The project objective is a scalable and open database prototype that supports the users' needs, and collects and provides data and information. A long-term objective is to be able to model and predict events, by using methods such as machine learning, and thereby automate processes in new areas by linking data from previously separate datasets / activities. Another long-term objective is improving the technology (sensor behaviors, products and services), the methods and the behavioral patterns.
After reviewing some of today’s larger and more comprehensive solutions that could meet the needs of both KTH Live-in Lab and KTH in general, we have concluded that a database solution based on the open platform Hadoop would be suitable for our purpose.

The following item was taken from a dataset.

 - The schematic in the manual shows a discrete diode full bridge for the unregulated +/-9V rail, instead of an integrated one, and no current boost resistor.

This solution is used and further developed by several major operatos, such as Google and British Royal Mail.
As this solution, in terms of big data and versatility, is of a larger model with regard to project planning and character, a solution will be developed and evaluated in stages. This way we will be able to gradually expand its functionality as the Live-in Labs grow and new needs arise.

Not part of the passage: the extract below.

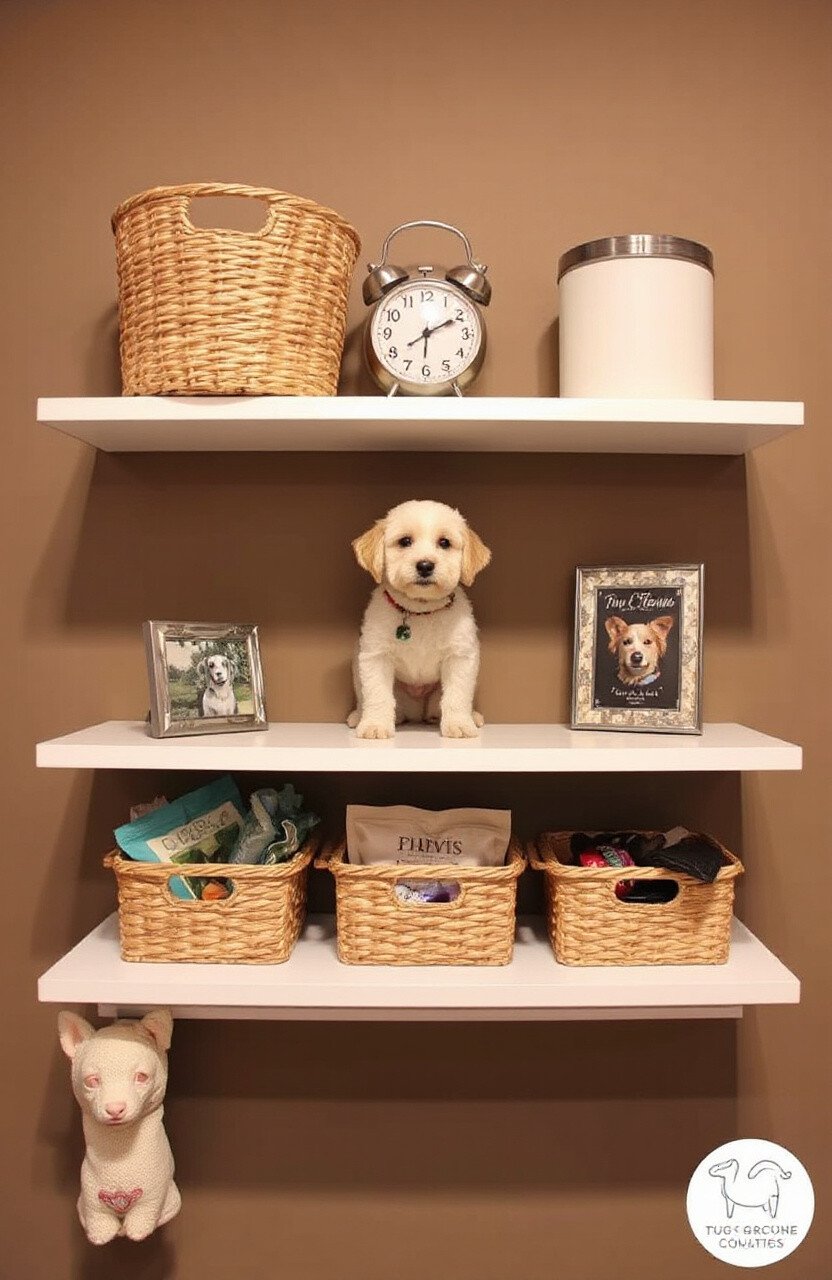 Floating shelves are perfect for displaying dog accessories. Add small baskets for a clean look.

- ”As a student, I would like to analyse data (or rather that something analyses the data for me!) in order to improve my studying condition." This can be data that comes from different sources and lives unstructured in KTHBD.
- “As a researcher, I want to be able to access raw data (real-time and historical) in order to be able to develop new services." This can be data that comes from different sources and lives unstructured in KTHBD.
- “As an operator, I want to be able to create simple diagrams and aggregated datasets, and be able to depersonalize data for web publishing." This can be data that comes from different sources and lives unstructured in KTHBD.
- “As a teacher, I want to be able to retrieve depersonalized data to be able to create case studies / projects around buildings and systems.” This can be data that comes from different sources and lives unstructured in KTHBD.
- “As a researcher, I would like LIL's data to be made available so that I can analyse and explore value-creating innovative services.”
- “As a researcher, I would like LIL's systems and installations in the homes to be made available so that I can involve the tenants in testing new innovative products and services.”
- “As a financier, I want research projects conducted in LIL to be published so that I can take part of methods and results to gain better insight and knowledge.”
- “As a financier, I want to be able to initiate research and development projects in LIL so that I can act as an involved and driven partner.”
- “As a financier, I want research projects conducted in LIL to generate value-creating and commercially viable solutions so that I can act as a business partner.”
- ”As a researcher, I would like to use ... information of the inhabitants (age, activity...) and information about the different sites (outside temperature, light condition...) in order to ponder my findings.”
- “As a startup in sensor development, I want to be able to verify raw data from self-developed sensors against existing control data from KTH LIL, and be able to train mathematical models to extrapolate new data.”
- “As a researcher, I want to be able to install new sensors and systems and get the values from these into the same system as existing sensors / systems.”
With the above needs as a starting point, we are convinced that a big data solution (KTHBD) will meet the existing needs at KTH today and in the foreseeable future.